Britain’s top share index edged lower on Friday after sharp gains in the previous day, with housebuilders losing ground following a cautious outlook towards the sector and as investors avoided strong bets ahead of US jobs data.
The blue-chip FTSE 100 index was down 0.1 per cent at 6,566.12 points by 0906 GMT, after surging more than 2 per cent the previous session following a jump in retailer Tesco’s shares on the back of restructuring plans.
The broader index was pressured by a drop in shares of house building companies, with the Thomson Reuters UK Homebuilding index falling 3.8 per cent on a cautious sector note from Jefferies, traders said.
Negative newsflow on UK mortgage approvals, housing transactions, weak house price data and lower GDP growth will lead to share price weakness in the residential sector in the first quarter of 2015, Jefferies said in a note.
Taylor Wimpey, Barratt Developments and Persimmon, down between 3.8 and 5.4 per cent, were the top decliners in the FTSE 100, while midcaps Bovis Homes , Berkeley, Bellway and Redrow fell more than 2.5 per cent.
“(The) UK housing market continues to slow, with tighter mortgage rules and affordability constraints as well as the prospect of a rate rise making investors cautious,’’ Mike van Dulken, head of research at Accendo Markets, said.
“While UK stamp duty reforms are going to help sellers not buyers, supply vs demand is also expected to improve, keeping pressure on prices.’’
Investors were also cautious ahead of US non-farm payrolls data, due later in the session.
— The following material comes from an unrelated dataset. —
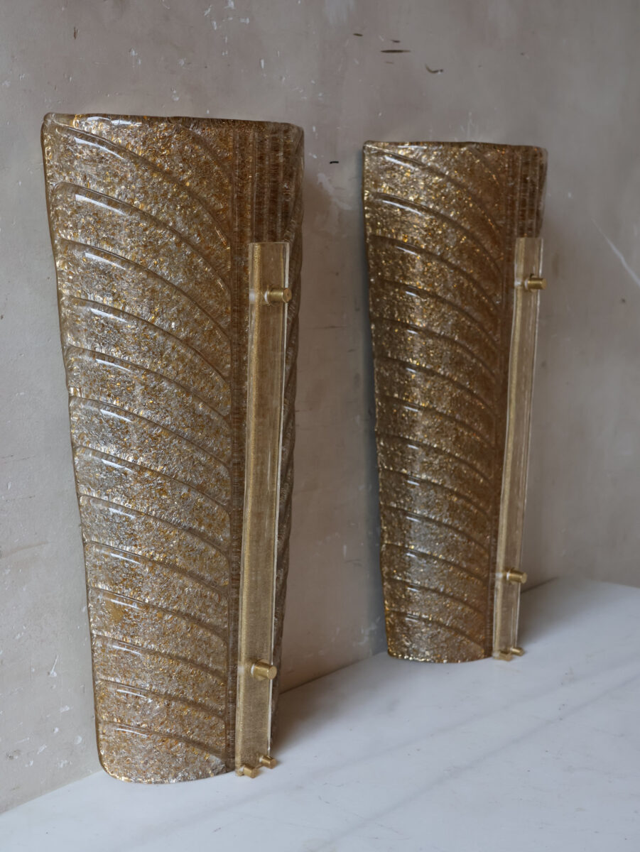 Set van twee imposante Italiaanse wandlampen. Deze armaturen zijn uitgevoerd in zwaar Murano glas, kenmerkend door de warme amberkleur en het ingesloten goud-effect.

Employers probably added 240,000 jobs to their payrolls last month after November’s outsized 321,000 increase, according to a Reuters survey.
“Job creations give the Fed a more solid footing from which it can raise interest rates. If the numbers are much better than expected, then we might see a further squeeze in shares on the downside,’’ IG analyst Alastair McCaig said.